So you’re saying if instead of keeping a separate beta01 and beta02 that if you just share one value between the outcomes, the off-diagonals of L_Sigma * L_Sigma’ are positive? And if you keep them separate the values are negative?

That doesn’t sound impossible. If the scale of the intercepts was large, then if that effect was to be absorbed by the e_vill variables, then maybe it’d affect those variables in some significant way.

Maybe add the values of beta01 + e_vill[id12[i],1] and beta02 + e_vill[id12[i],2] to your generated quantities and then compare the respective values between models and see if there’s a big difference to the number that’s getting fed into the binomial_logit.
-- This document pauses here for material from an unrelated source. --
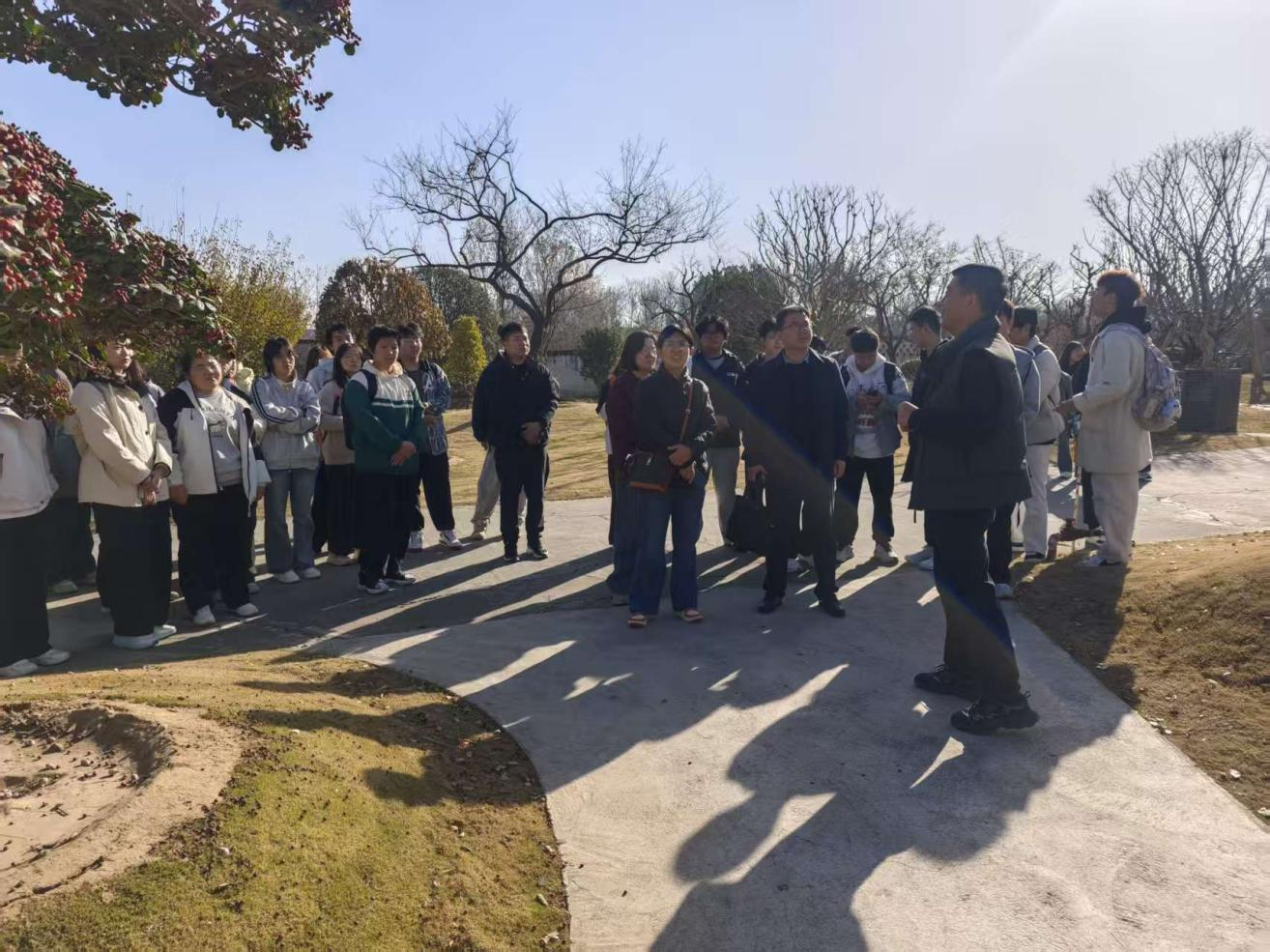 在泽润园林,园主对各类蜡梅品种进行了专业讲解,他们在种植、养护蜡梅方面拥有独到的经验和技巧,在蜡梅行业深耕20年,为“鄢陵蜡梅冠天下”的美誉提供了有力支撑,让前来学习的麻将online 师生学习了蜡梅深层的文化内涵。第四站来到“苗圃超市”多一亩,多一亩以“全国植物景观集散+研学销售一体化”的定位,打造了园林行业的融合平台,园主表示“苗木互联网与线上销售是当前行业主流趋势”,为学生揭示了传统产业的数字化转型方向。同时,师生走进多一亩种植基地,学习了银杏、紫薇的核心栽培及养护技术,深入理解了“观叶、观花、观枝、观茎、观根”的全维度园林审美体系。

Just thinking about the model, I’d probably lean towards the two intercept thing unless Y1 and Y2 really are on the same scale and all that. Maybe there’s a model selection thing you could do to help you make a decision? If @avehtari stops by, he can probably point you in the right direction.

When standard deviation is small, the distribution is narrow and densities are higher. So it’s completely natural.

1 Like

Yes, this is typical. Changing most parameters over their marginal posterior has a strong effect on the log density. Usually you get a peak with log density falling off on either side.

We don’t sample the log density per se, so it’s not an issue. The main problem is when there’s a big range of log densities—we can sometimes have trouble exploring because each iteration is bounded (chi-square in N) in the initial momenta, which determine the potential change in log density each iteration (the Hamiltonian of negative log density plus potential (quadratic form of momenta and mass matrix) is conserved).

This kind of thing isn’t that unusual—parameters can soak up unexplained variance and presumably what you’re looking at is some kind of residual.

In other words, it’s a funnel alert.

1 Like

This is an interesting point. I remember Betancourt’s Riemannian-HMC paper talking about how this limits exploration of log-densities of different magnitudes.

I have a stupid question though: why not just make the momentum draw something heavy-tailed like a multivariate student-t?

Betancourt is @betanalpha here.

Stability—we’re only using gradients to approximate the functions curvature. If we take very large momenta, the approximation needs to crank down step size to remain stable and it doesn’t seem to be a win in the end. Same problem with approaches like jittering step size to get really low step sizes to escape being stuck in high curvature regions.

2 Likes